Eric Cannon’s folder gave a rather detailed description of a latter-day sheep in wolf’s clothing. Since the age of five the boy had shown himself to be both remarkably precocious and a little simpleminded. Although the son of a Lutheran minister, he argued with his teachers, was truant from school, disobedient to teachers and parents, and a runaway from home on six separate occasions since the age of nine, the last episode occurring only six months before, when he disappeared for eight weeks before turning up in Cuba. At the age of twelve he began a career of priest baiting, which culminated in the boy’s refusal to enter a church again. He also refused to go to school. He was caught possessing marijuana. He was stopped in what appeared to be the act of trying to immolate himself in front of the Central Brooklyn Selective Services Induction Center.
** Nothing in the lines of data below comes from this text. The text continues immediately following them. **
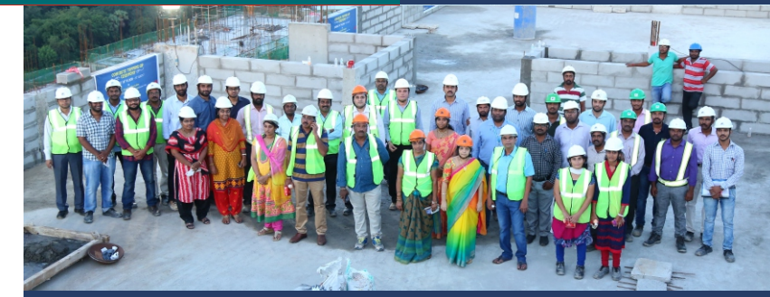
Mid Valley City Team

Concrete topping up of Tower Everest (Unit No.s 3, 4 & 5) 19 th floor was completed on 31 st Aug'17 by our valued purchasers from that block.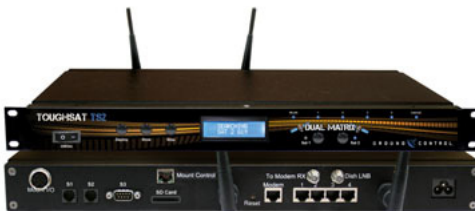
TOUGHSAT TS2 Controller

Toughsat XP's are very popular with public safety organizations because they are easy to use and provide a stable and reliable connection no matter the location. The Toughsat has been designed to operate in extreme weather, temperatures and high-winds.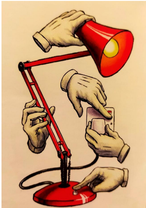
Many hands make light work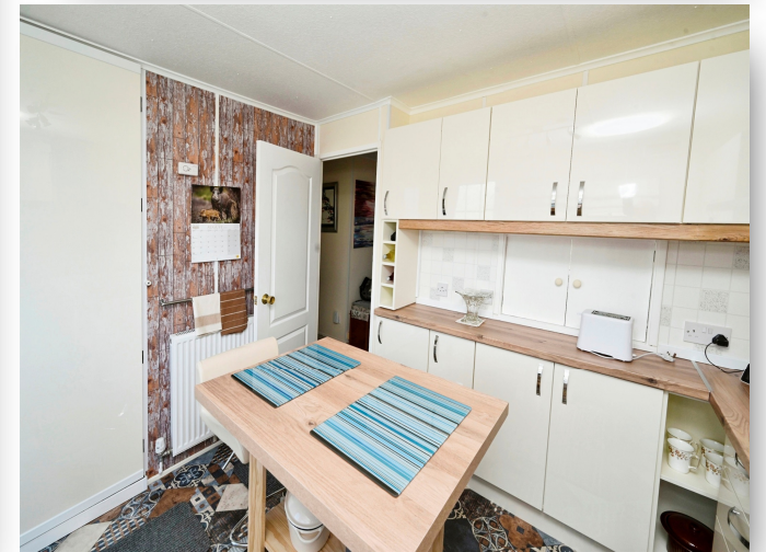
Kingfisher Drive Beacon Park Home Village, Skegness PE25 1TQ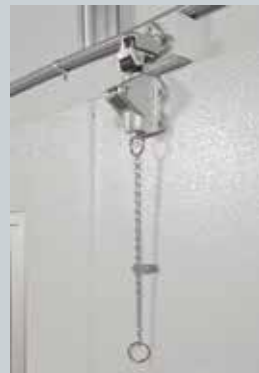
Dutch latch For double door only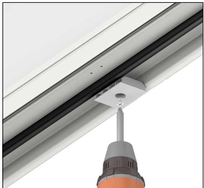
Figure 5 Secure blocks through head jambs with 5/8" screws.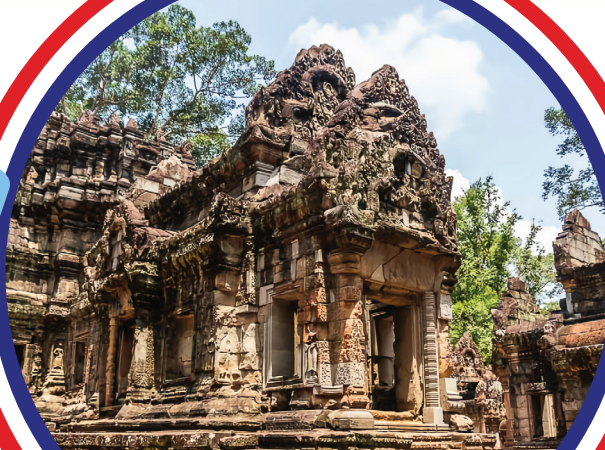
Chau Say Tevoda 周萨神殿

FREE 免费 • 一小时全身按摩 · 1 Hour Body Massage 或or • 一小时足部按摩 · 1 Hour Foot Massage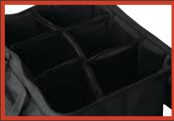
Adjustable Interior Hook and Loop Dividers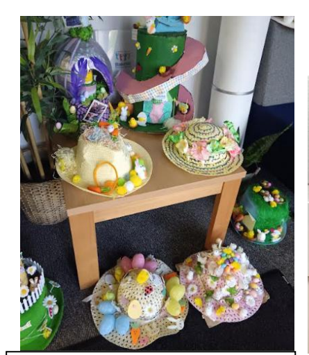
We had a great response to the PTFA Easter bonnet competition

It has been such a busy few weeks in school with lots of exciting activities going on. Education is the adventure that never ends, always leading you to new discoveries.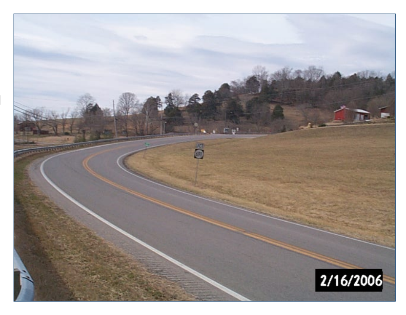
Photo 41 Westbound KY 90 approach to KY 691 intersection. Sharp curve, uphill, limited visibility.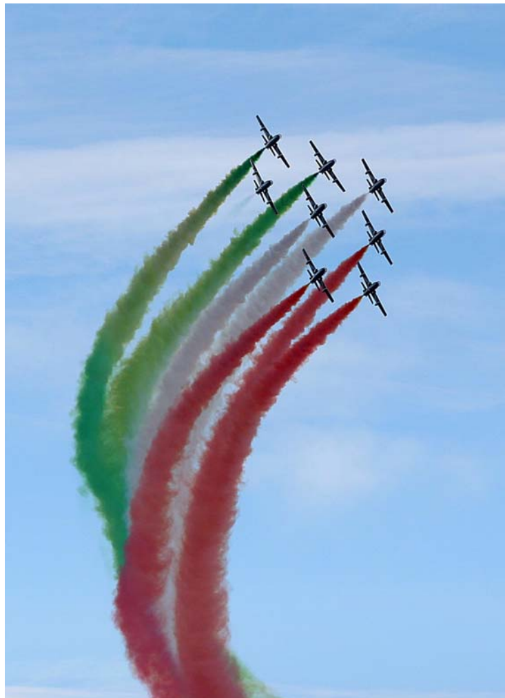
“FRECCIE TRICOLORI” FOR EUROPEAN CUP FINALE-ARTA TERME ZONCOLAN 2006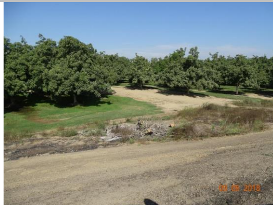
View of the prunings along the waterside toe.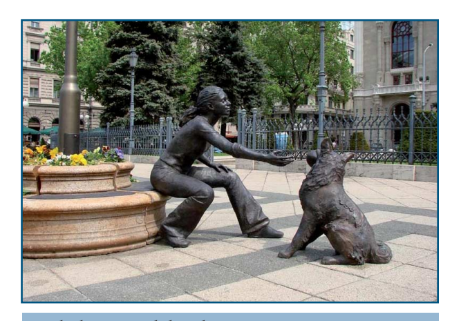
Girl playing with her dog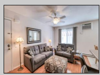
201 Coolidge Margate, NJ 08402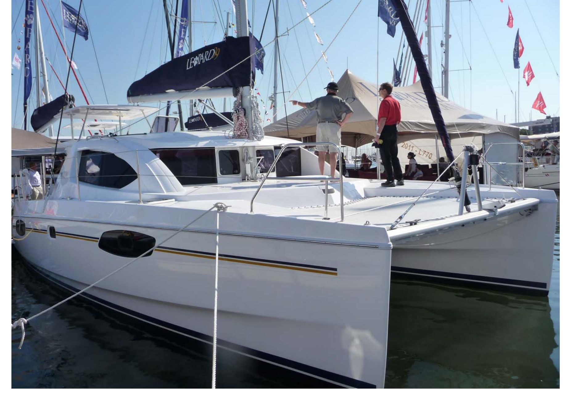
One of the Leopard catamarans.

Pastor Cannon, his father, seemed to be a good man – in the traditional sense of the word: a conservative, restrained defender of the way things are. But his son had kept rebelling, had refused to be treated by a private psychiatrist; refused to work, refused to live at home except when it suited him. His father had thus decided to send him to QSH, with the understanding that he would receive therapy with me.
‘Dr Rhinehart,’ the pretty little student nurse was saying suddenly at my elbow. ‘This is Pastor Cannon and Mrs Cannon.’
‘How do you do,’ I said automatically and found myself grasping the chubby hand of a sweet-faced man with thick graying hair. He smiled fully as he shook my hand.
‘Glad to meet you, Doctor. Dr Mann has told me a lot about you.’
‘How do you do, Doctor,’ a woman’s musical voice said, and I turned to Mrs Cannon. Small and trim, she was standing behind the left shoulder of her husband and smiling horribly: her eyes kept flickering off to a line of female hags who were oozing noisily through the hallway outside our door. The patients were dressed with such indescribable ugliness they looked like character actors who had been rejected for Marat-Sade for being overdone.